简体繁体 English

Tensorflow nn.conv3d（）和max_pool3d

[英]Tensorflow nn.conv3d() and max_pool3d

原文 2016-06-24 03:42:42 9 1 multidimensional-array/ tensorflow

Recently Tensorflow added support for 3d convolution. 最近，Tensorflow增加了对3d卷积的支持。 I'm attempting to train some video stuff. 我正在尝试训练一些视频内容。

I have a few of questions: 我有几个问题：

My inputs are 16-frame, 3-channel per frame .npy files, so their shape is: (128, 171, 48) . 我的输入是每帧16帧，3通道.npy文件，所以它们的形状是： (128, 171, 48) .npy (128, 171, 48) 。

1) The docs for tf.nn.max_pool3d() state the shape of the input should be: Shape [batch, depth, rows, cols, channels] . 1） tf.nn.max_pool3d() ）的文档 tf.nn.max_pool3d()输入的形状应为： Shape [batch, depth, rows, cols, channels] 。 Is my channels dimension still 3 even though my npy imgs are 48 channels deep , so to speak? 即使我的npy imgs是48个深度 ， 我的频道维度仍然是3 ，可以这么说吗？

2) The next question dovetails from the last one: is my depth 48 or 16? 2）下一个问题与最后一个问题相吻合：我的深度是48还是16？
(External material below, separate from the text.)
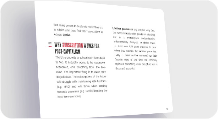 that same person to be able to make their art Lifetime guarantees are another way that in Adobe and then find their buyer/client in the more industrial-style goods are standing Adobe. Genius. out in a marketplace socioculturally/ philosophically designed to dislike them. 02 WHY SUBSCRIPTION WORKS FOR L.L. Bean was light years ahead of its time POST-CAPITALISM when they created the lifetime guarantee. Every L.L. Bean fan (like my mom) has their There’s a sincerity to subscription that’s hard favorite story of the time the company to top. It naturally wants to be expansive, replaced something even though it was a networked, and benefiting from the hive thousand years old. mind. The important thing is to make sure it’s judicious. The subscriptions of the future will struggle with maintaining little fiefdoms (e.g. HBO) and will thrive when tending towards openness (e.g. Netflix licensing the best from everyone). 149

3) (since I'm here) The batch dimension is the same with 3d arrays, correct? 3）（因为我在这里）批量维度与3d数组相同，对吗？ The images are just like any other image, processed one at a time. 图像就像任何其他图像一样，一次处理一个。

Just to be clear: in my case, for a single image batch size, with the image dims above, my dimensions are: 需要明确的是：在我的情况下，对于单个图像批量大小，上面的图像变暗，我的尺寸为：

[1(batch),16(depth), 171(rows), 128(cols), 3(channels)]

EDIT: I've confused raw input size with pooling and kernel sizes here. 编辑：我把原始输入大小与池和内核大小混淆了。 Perhaps some general guidance on this 3D stuff would be helpful. 也许对这些3D东西的一些一般指导会有所帮助。 I basically am stuck on the dimensions for both convolution and pooling, as is clear in the original question. 我基本上坚持卷积和汇集的维度，正如原始问题中所清楚的那样。

1 个解决方案

To answer your question, the dimension should be (as you stated): [batch_size, depth, H, W, 3] where depth is the number of time frames you have. 要回答您的问题，维度应该是（如您所述）： [batch_size, depth, H, W, 3]其中depth是您拥有的时间帧数。

For instance, a 5s video with 20 frames/s will have depth=100 . 例如，具有20帧/秒的5s视频将具有depth=100 。

My best advice would be to first read the slides from CS231n about deep learning for videos here (if you can see the video , it's even better). 我最好的建议是首先从大约深度学习的视频CS231n读幻灯片在这里（如果你能看到的视频，它甚至更好）。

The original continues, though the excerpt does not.